В углу стоял первый Люсеттин трехколесный велосипедик; полка над кретоновым диваном приютила кое-какие из «заветных» сокровищ ее детства, в том числе потрепанную антологию, подаренную Ваном четыре года назад. Дверь не запиралась, но Вану было невтерпеж, да и музыка, неколебимая как стена, уверенно обещала продлиться еще минут двадцать. Он зарылся губами в затылок Ады, но она вдруг застыла, подняв предупреждающий палец. С парадной лестницы донеслись мерные тяжелые шаги поднимавшегося человека.

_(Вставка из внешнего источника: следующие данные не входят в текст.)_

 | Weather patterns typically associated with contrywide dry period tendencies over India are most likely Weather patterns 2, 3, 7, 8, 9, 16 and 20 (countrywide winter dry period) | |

– Отошли его, – прошептала она.
– Чорт, – выругался Ван и, приведя в порядок одежду, вышел к лестнице. Филип Рак тащился наверх – крупный кадык его ходил ходуном, плохо выбритое лицо имело синюшный оттенок, десны торчали наружу, одна рука прижималась к груди, другая стискивала свернутый в трубочку лист розоватой бумаги, а музыка между тем играла сама по себе, словно ее порождало какое-то механическое устройство.

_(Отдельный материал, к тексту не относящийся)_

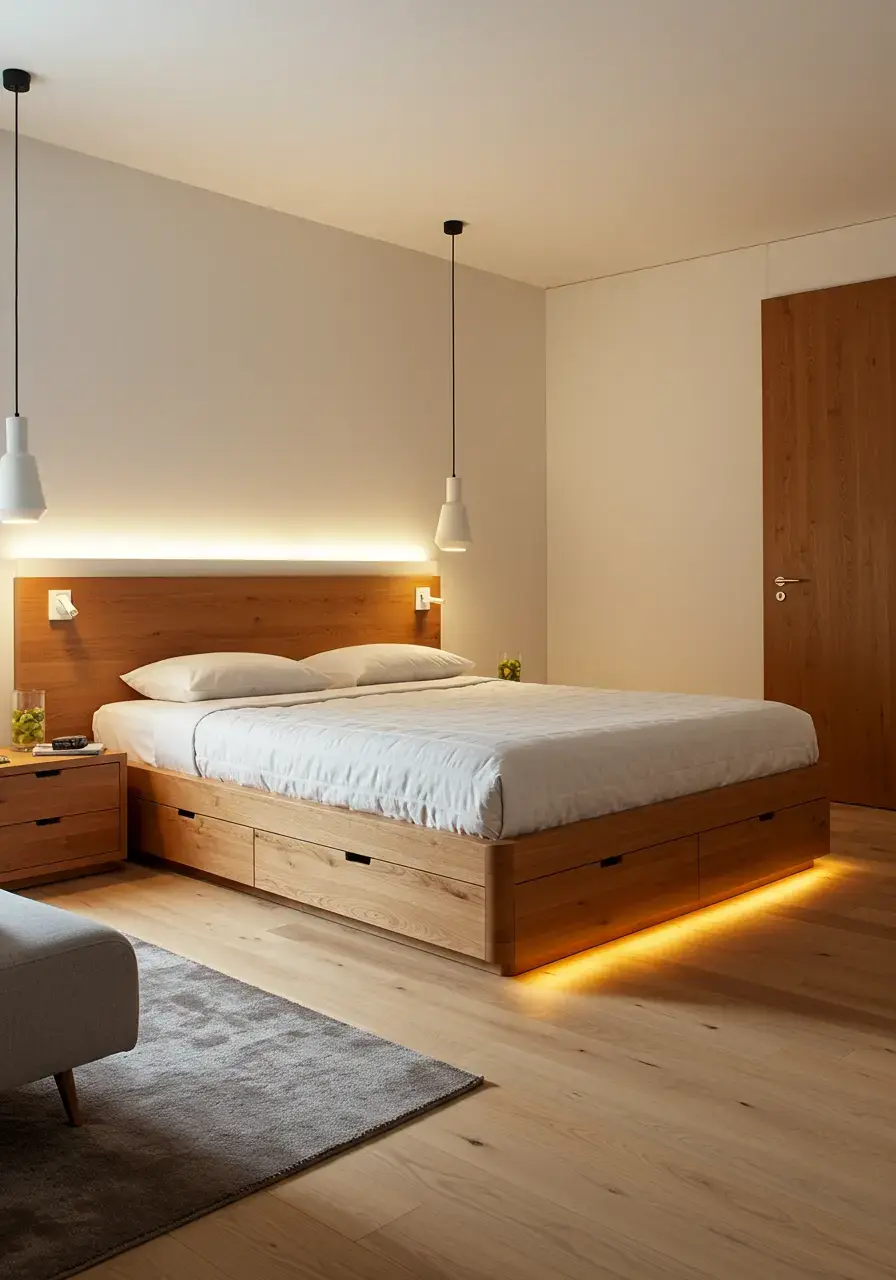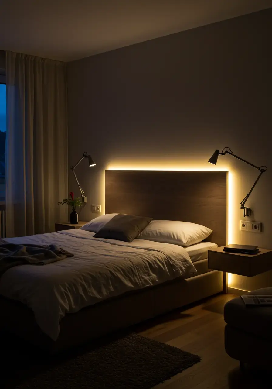 • Add warm-toned LED strip lighting behind headboards or under floating nightstands for a soft, ambient glow.

– Туалет внизу, в сенях, – сказал Ван, полагая, вернее, делая вид, будто полагает, что беднягу мутит или у него схватило живот. Но господин Рак желал лишь «обменяться прощаниями с Иваном Демоновичем» (горестное ударение пало на второе «о»), с фройляйн Адой, с мадемуазель Идой и, конечно, с Мадам. К сожалению, кузина с тетей в городе, но свою подругу Иду Фил наверняка отыщет в розарии, она там сочиняет. Ван в этом уверен? Ван чертовски в этом уверен. Господин Рак потряс Ванову руку, возвел очи горе, опустил их долу, постучал по перилам загадочной розовой трубочкой и потащился назад, в музыкальную, к уже начавшему спотыкаться Моцарту. Ван переждал с минуту, прислушиваясь, невольно гримасничая, и наконец вернулся к Аде. Она сидела, держа на коленях книгу.
– Мне необходимо отмыть правую руку, прежде чем прикасаться к тебе и к чему бы то ни было, – сказал он.
Она не читала, но нервно, сердито, рассеянно пролистывала страницы той самой старой антологии – она, способная в любое время, взяв наугад книгу, сразу и целиком погрузиться в текст, нырнуть в него «с книжного бережка» прирожденным движением подводного жителя, возвращаемого в родимый поток.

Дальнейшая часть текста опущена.